July 25

When I had Emily a year ago in April, I thought the vomiting was over. I was wrong. A few weeks after delivery, I was violently ill. An ultrasound in the ER revealed a gallbladder full of stones and a large cystic lesion hiding in my pancreas. I had surgery in June 2009 to remove the gallbladder, but the pancreatic cyst was still there, causing everyone to worry.

The first time I heard “cancer”, the doctor said it was a remote possibility, and that the cyst was most likely nothing. I followed up after we moved to DC, and my new doctor told me to wait until December for another MRI, giving the cyst a few months to resolve.

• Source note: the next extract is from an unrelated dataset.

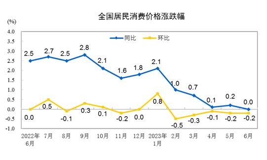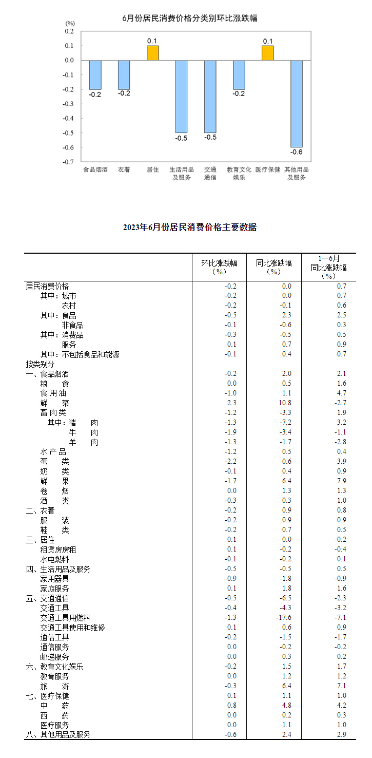2023年6月份,全国居民消费价格同比持平。其中,城市持平,农村下降0.1%;食品价格上涨2.3%,非食品价格下降0.6%;消费品价格下降0.5%,服务价格上涨0.7%。1—6月平均,全国居民消费价格比上年同期上涨0.7%。

In December, I went back to the doctor and nonchalantly waited for the good news. The odds of a harmless cyst presenting after gallstones were decidedly in my favor. The doctor sat me down and looked over at my little Emily on my lap. He said the cyst was still in my body. It hadn’t grown, but it hadn’t gone away. It was just sitting there, a little 5 cm ball of anxiety in my belly.

I was told to wait- again- until June. June was six months away, ample time for the thing to disappear. I tried to stay positive, but my confidence was waning. Every month that passed increased the odds of malignancy.

I was afraid to call my doctor. I avoided making appointments. If I didn’t make the MRI appointment, I wouldn’t have to find out that it was still there. The stressed piled up- every time I disciplined my preschooler, I thought, “is this all she will have to remember of me?”. Every time we went swimming, I remember thinking, “is this our last summer by the pool?”. I know it sounds dramatic, but damn, pancreatic cancer is intensely dramatic. Especially when you have a 3 year old and a baby, and when you love your family as completely as I do.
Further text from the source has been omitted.